“Потому что снег летит вертикально вверх,
Потому что не будет выше, смелее, слаще.
Потому что жизнь легко перешла на бег,
Мы бежим друг от друга и дальше, дальше.
И колеса вращаются, молнии, жернова,
Перемалывай сердце в пыль, пусть улетает к апрелю.
Потому что когда я люблю тебя — я права.”
Мельница — “Об устройстве небесного свода”
Июль 1976 год
Воздух в гостинной особняка Блэков был густым, как похлебка, и таким же ядовитым. Пахло старой пылью, воском для полировки столов из красного дерева и невысказанными проклятиями, витавшими здесь поколениями.
Сириус стоял спиной к двери, прямиком напротив камина, котором вяло потрескивали поленья. Он не сидел. Сидеть — означало участвовать в этом фамильном ритуале ненависти. Он был в своей лучшей мантии, но чувствовал себя так, будто на него надели скатерть.
Напротив, в большом кресле, восседал его отец, Орион Блэк. Его лицо было высечено из мрамора — холодное, непроницаемое, с тонкими, плотно сжатыми губами. Он не кричал. Он изрекал. Его слова падали, как обточенные льдины:
— Твое место — здесь. Твоя кровь — здесь. Твое будущее — здесь. Все эти... забавы в Хогвартсе должны закончиться. Пора принимать свою судьбу, Сириус. Повзрослей!
Рядом, вся в черном, как ворон, стояла его мать, Вальбурга Блэк. Ее пальцы, похожие на когти, впились в спинку кресла супруга. Ее красивое лицо, обычно надменное, сейчас было искажено гримасой ярости и — что было страшнее — неподдельного, животного страха.
— Он оскверняет наш род! — ее голос, пронзительный и резкий, резал слух, взвинчиваясь до особо высоких нот. — Дружба с кровными предателями! Позорные метки в школьном досье! Он выставляет нас на посмешище! Он... он сам стал магглорожденным в душе!
Сбоку, в тени, словно избегая света огня, стоял Регулус. Младший брат. Болезненно бледный, худой, с огромными глазами, в которых читался ужас и.… какое-то странное, нездоровое любопытство. Он ловил каждый взгляд, каждое слово, как будто наблюдал за представлением, исход которого определит и его судьбу в том числе.
Сириус чувствовал, как знакомый, адский огонь закипает у него в груди. Это была не ярость. Это было нечто большее — отвращение. Глубокое, физиологическое отвращение к этим стенам, к этим портретам, к этим людям, которые называли себя его семьей.

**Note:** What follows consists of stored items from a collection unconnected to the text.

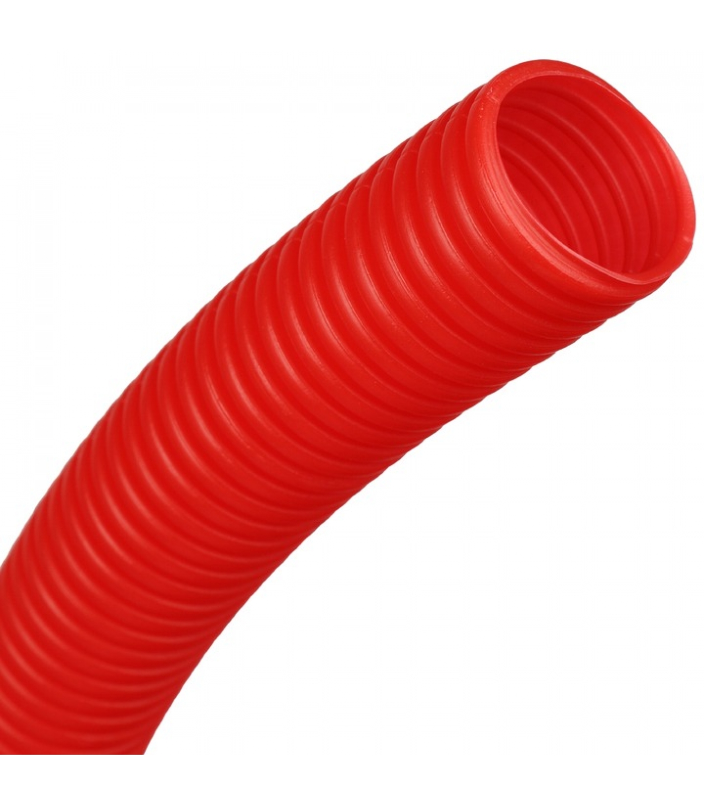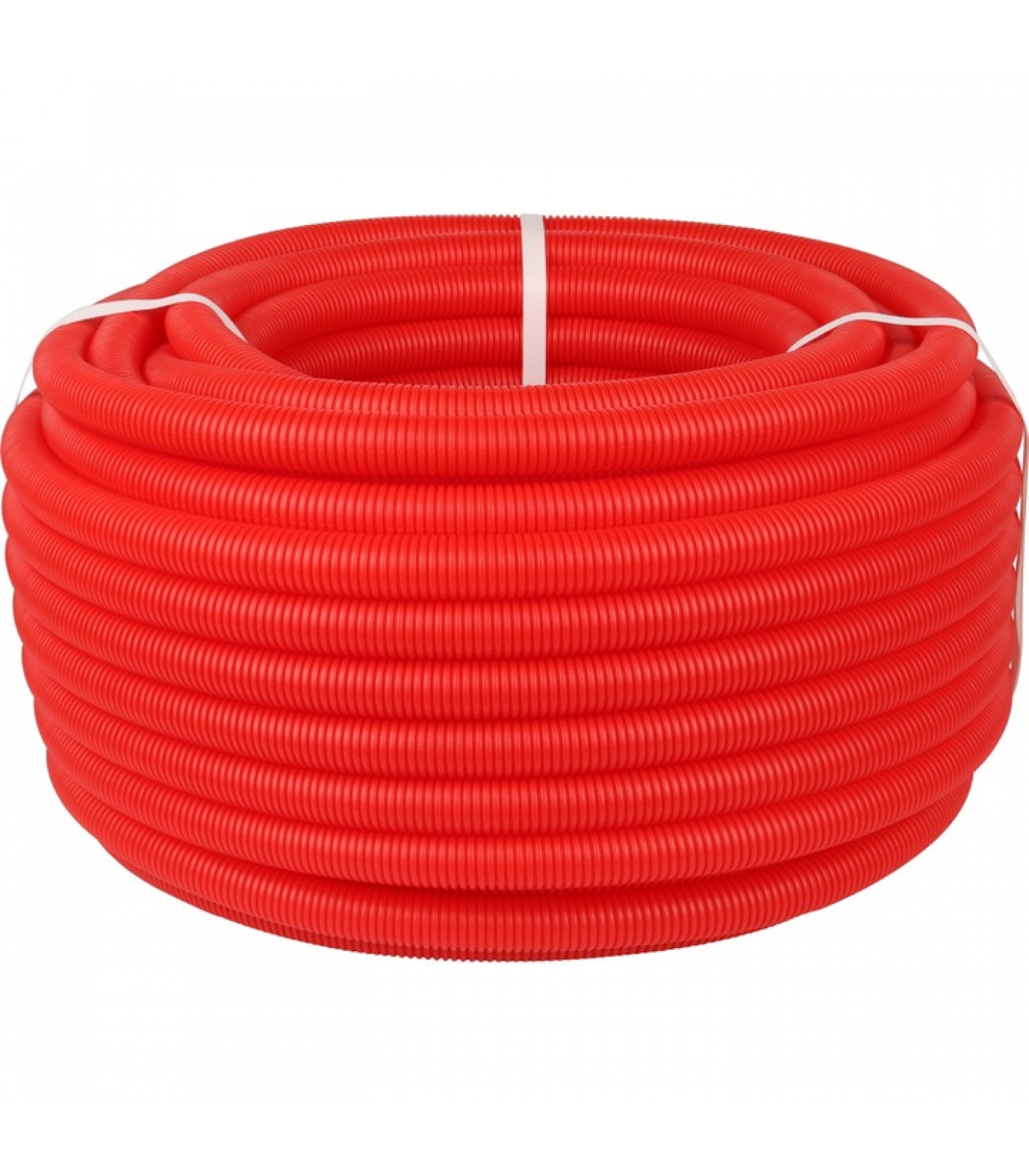Труба гофрированная ПНД, цвет красный, наружным диаметром 25мм для труб 20мм STOUT (50м) бухта
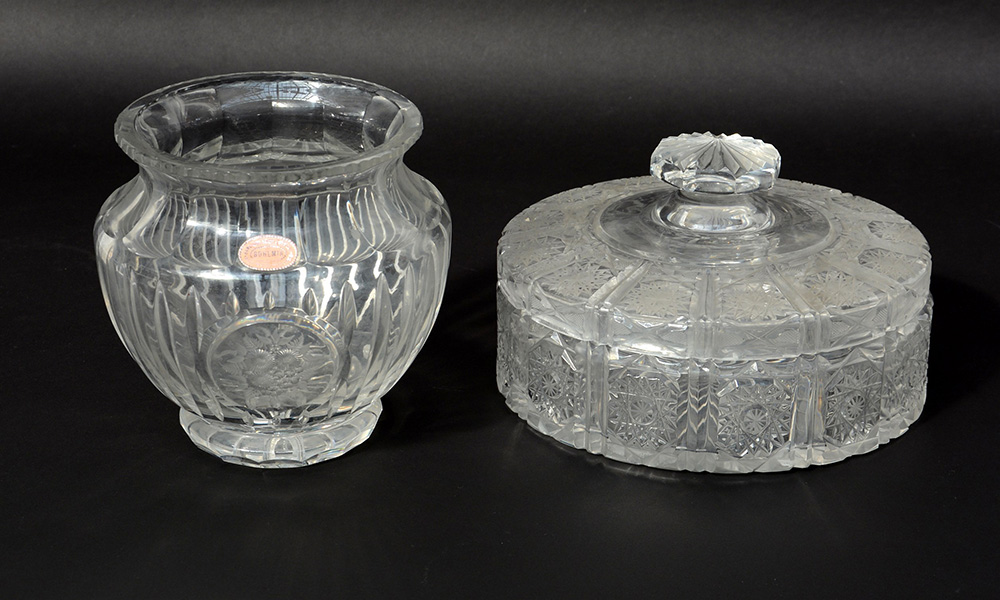 Manifattura di Boemia, lotto composto da un vaso e una biscottiera con coperchio, in cristallo sfaccettato (difetti)
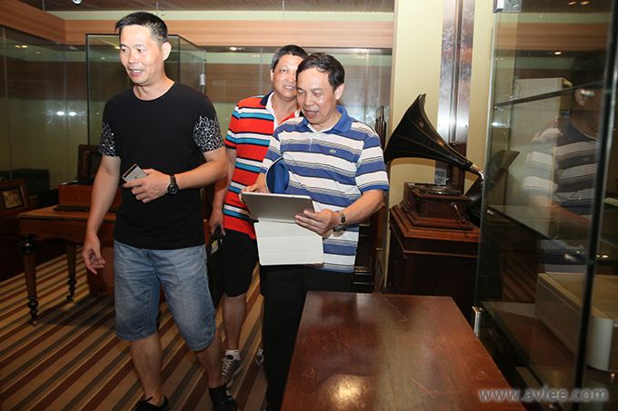 在接待人员的带领下,他们又到了世界发烧音响博物馆进行试听。该馆有18间按声学设计的听音房。他们听了本馆精美的音响作品。来宾们享受人声、民乐与交响乐所流传出来的声音的同时,也感受着人世间力与美的结合。
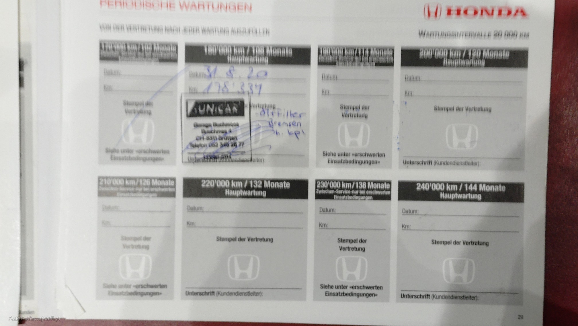 | Kommentar | - Bremszange hinten links klemmt, ersetzen => Bremsen hinten (Klötze, Scheiben) ersetzen - Gurt Fahrer rollt nicht auf - Sitzbezug Fahrersitz abgenutzt - Service ist überfällig - MFK ist überfällig (Auto wurde seit 13 Jahren mit Händler-Schild gefahren) - Fahrzeugbeschriftung muss entfernt werden keine vollständige Prüfung, Aufzählung nicht vollständig ABHOLUNG NACH ZUSCHLAG / VERFÜGBARKEITS-DATUM INNERT 7 TAGEN ERFORDERLICH, DANACH FR. 15.-/TAG STANDPLATZ-GEBÜHREN BARZAHLUNG BEI ABHOLUNG / MONTAG-FREITAG 08:00-12:00 UND 13:30-17:00 IM KUNDENAUFTRAG ZU VERKAUFEN, KEINE MWST VORSTEUER AUSWEISBAR. |
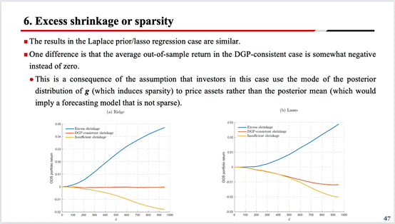 王睿君同学为大家讲解了这篇论文的稀疏性分析、实证检验、结论和可拓展的研究方向的部分。除了考虑统计上的最优性之外,投资者缩小系数并对其预测模型施加稀疏性可能还有其他原因。例如,如果观测变量的成本很高,投资者可能倾向于放弃一个只提供关于现金流的微弱信号的变量。样本外的收益的可预测性可以帮助解释投资者在其现金流预测模型中是否采用了过度收缩或稀疏性。实证分析部分进一步印证了之前的分析,即投资者在高维环境中的学习会导致样本内和样本外可预测性之间的显著差异;并且由风险溢价或行为偏差引起的错误定价,所导致的横截面预期收益的变化是要由样本外投资组合的回报来显示。这篇论文的主要结论就是投资者对现金流预测模型参数的学习导致样本内股票收益中出现了可预测的成分,这些成分反映了投资者的实时估计误差和他们在高维环境中为减少该误差而应用的收缩。当投资者面对大量可能的资产现金流预测指标时,回报率可预测性的样本内检验就失去了经济意义,研究人员应该更加重视样本外检验。

— Моя судьба? — его собственный голос прозвучал низко и спокойно, и эта тишина была опаснее любого крика. Он окинул взглядом их всех — отца-статую, мать-фурию, брата-призрака. — Моя судьба не в том, чтобы гнить в этом склепе и целовать полу мантии тому, кто называет себя Темным Лордом. Я видел, к чему ведет ваша «судьба». К трусости, к рабству, к убийствам ни в чем не повинных людей.
— Мальчик! — взвыла Вальбурга. Ее рука потянулась к палочке.
— Не смей так говорить в этом доме! — впервые голос Ориона дрогнул, обнажив стальную ярость под внешне ледяной поверхностью.
— Этому дому скоро придет конец, — Сириус парировал, его глаза горели. — И всем, кто в нем застрял. Вы так боитесь всего нового, всего живого, что предпочитаете умереть в своем величии, чем попробовать жить по-настоящему.
Он сделал шаг назад, к своей сумке, уже стоявшей у двери. Это был не чемодан, а простой рюкзак, набитый до отказа. В нем не было фамильного серебра или древних фолиантов. Там были фотографии, письма от Джеймса и Римуса и потрепанная кожаная куртка — его настоящие сокровища.
— Если ты переступишь этот порог, — прошипела Вальбурга, и ее голос стал тихим, как шипение змеи, — ты больше не мой сын. Ты — никто. Ты — грязь под моими ногами. Твое имя будет вычеркнуто!
Сириус остановился у самой двери. Его рука уже лежала на холодной ручке. Он обернулся в последний раз. Его взгляд скользнул по бледному, испуганному лицу Регулуса, по багровому от ярости лицу отца, по искаженному ненавистью лицу матери.
Сириус усмехнулся. В его глазах не было ни сомнения, ни сожаления. Только ледяная, безоговорочная решимость и щемящая боль, которую он никогда и никому не покажет.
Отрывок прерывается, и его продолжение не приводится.